Im Ergebnis muss man den Architekten Herzog & de Meuron ein Kompliment aussprechen, denn sie haben einen dem Ort angepassten, unaufdringlichen Anbau kreiert, der sehr einfühlsam auf den direkten Umraum und die städtische Situation reagiert.
Die Frontseite der baulichen Erweiterung sowie die Seitenwände, die an den großen Konzertsaal reichen, wurden bis ins Detail als gedämmte Stahlbetonwand mit Holzverkleidung nachgebaut und gleichfarbig gestrichen. Es entstand somit ein großer, einheitlicher Korpus. Nur bei genauem Hinschauen ist der Berührungspunkt von alt und neu als eine Versatzlinie zu sehen. Die Verdopplung der Fassade wirkt darüber hinaus wie ein Zaubertrick, das Original erscheint nun als Innenwand zum Foyer und die aus Holz gebaute Replik als Außenwand zum Platz.

 

Das Foyer ist ein innarchitektonisches und skulpturales Fest für die Augen. Die einzelnen Bauelemente, die sparsame Möblierung, Blickachsen und Durchlässe machen das stockwerkübergreifende Vestibül zu einem großzügigen und atmenden Ort. Doch viele Objekte und Details erinnern an die opulente Ästhetik des isländisch-dänischen Künstlers Ólafur Elíasson: das linsenförmige Parkettmuster, das eine Entsprechung in fensterartigen metallenen Innendurchlässen findet, die samtenen Sitze der Ottomane und runden Sitzmöbel im Obergeschoss, die Replik eines gigantischen Lüsters, die verzierte, von der Manufacture Perelle in Lyon (ursprünglich 1876 für die Pariser Opéra Garnier Tribut) hergestellte warmrote Brokatgewebe-Tapete und die jeweils individuell gedrechselten Holzgeländer und Stehtischbeine sowie die als Stickerei gefertigten Beschriftungen und Wegführungen.

 

Vollständig neu hinzugekommen sind Untergeschoss und verschiedene Dienst- und Technikräume, eine die Ingenieurkunst fordernde, komplexe Leistung.
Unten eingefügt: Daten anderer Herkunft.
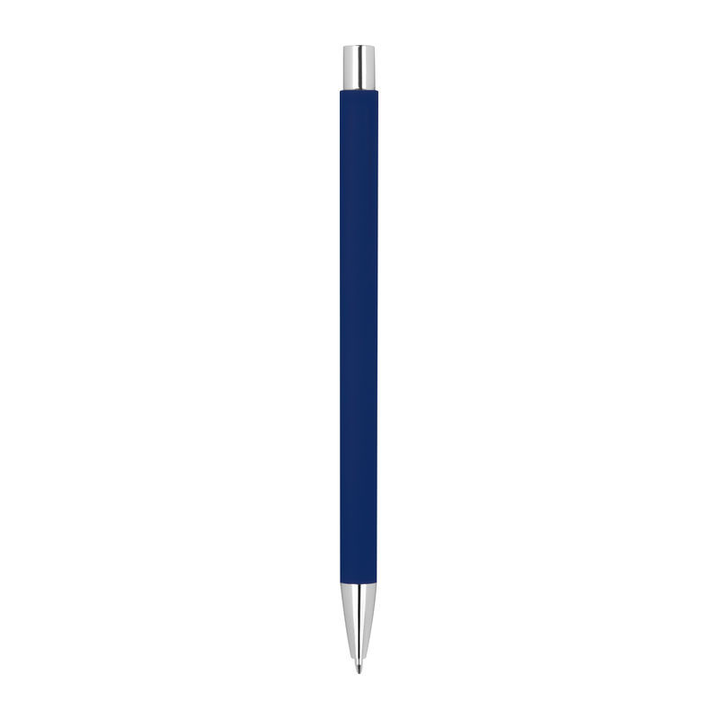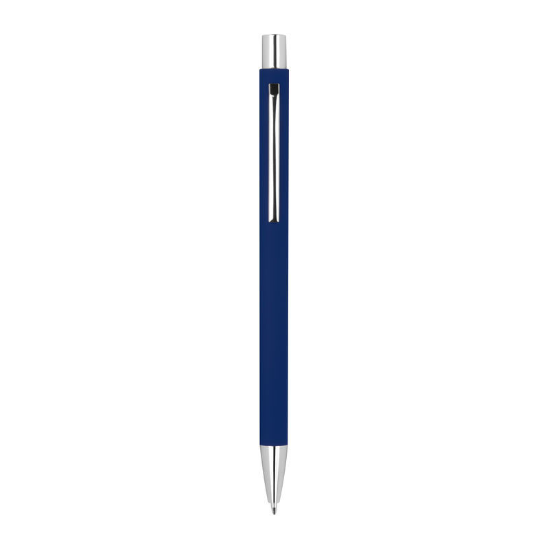 Vékony gumírozott fém nyomógombos golyóstoll ezüst színű kiegészítőkkel és kék színű tollbetéttel.

Die öffentlichen Bereiche sind für das Publikum ebenfalls ein intensiver auratischer Genuss. Diese suggerieren eher Grandhotelambiente oder Opernbühne als Konzerthausgarderobe und Toiletten.

 

Gesamtbaulich öffnet sich das Stadtcasino mit seinen beiden Musiksälen nun zum Barfüsserplatz, stellt eine direkte Verbindung her und kehrt der vielbefahrenen Straße Steinenberg den Rücken zu. Das Problem mit dieser abschüssigen Straße für einen Konzertsaal sind die Trambahnen, die im Minutentakt Hörerlebnisse unterbinden könnten. Spezielle Dämpfer im Schienenbett, die die Bahnen besonders leise und erschütterungsfrei vorbeiführen sowie extrem dickes schallisoliertes Glas der großen Fenster zum Saal verhindern Störungen dieser Art. Da hört sich dann auch ein Pianissimo an wie es sollte.

 

Stadt- und handlungsräumlich immens aufwertend ist, dass der Barfüsserplatz nun wie eine Art Vorgarten, wie ein sich öffnender realer Bühnenraum genutzt werden kann, mit direkten Zugängen zum Historischen Museum in der Barfüsserkirche und mit einer neu entstandenen Gasse entlang der ebenso neuen Fassade, die zum Literaturhaus Basel und zur Bibliothek des Historischen Museums sowie zur Kulturmeile mit dem Tinguely-Brunnen, der Kunsthalle Basel und dem Schweizerischen Architekturmuseum führt.
Im etwas weiteren Umkreis liegen das Museum der Kulturen, das Kunstmuseum Basel, das Theater Basel sowie das Spielzeug Welten Museum und schließlich das Jüdische Museum Schweiz, das erste Museum seiner Art im deutschsprachigen Raum nach dem Krieg, das die Jahrhunderte der jüdischen Kulturgeschichte dokumentiert und aufarbeitet.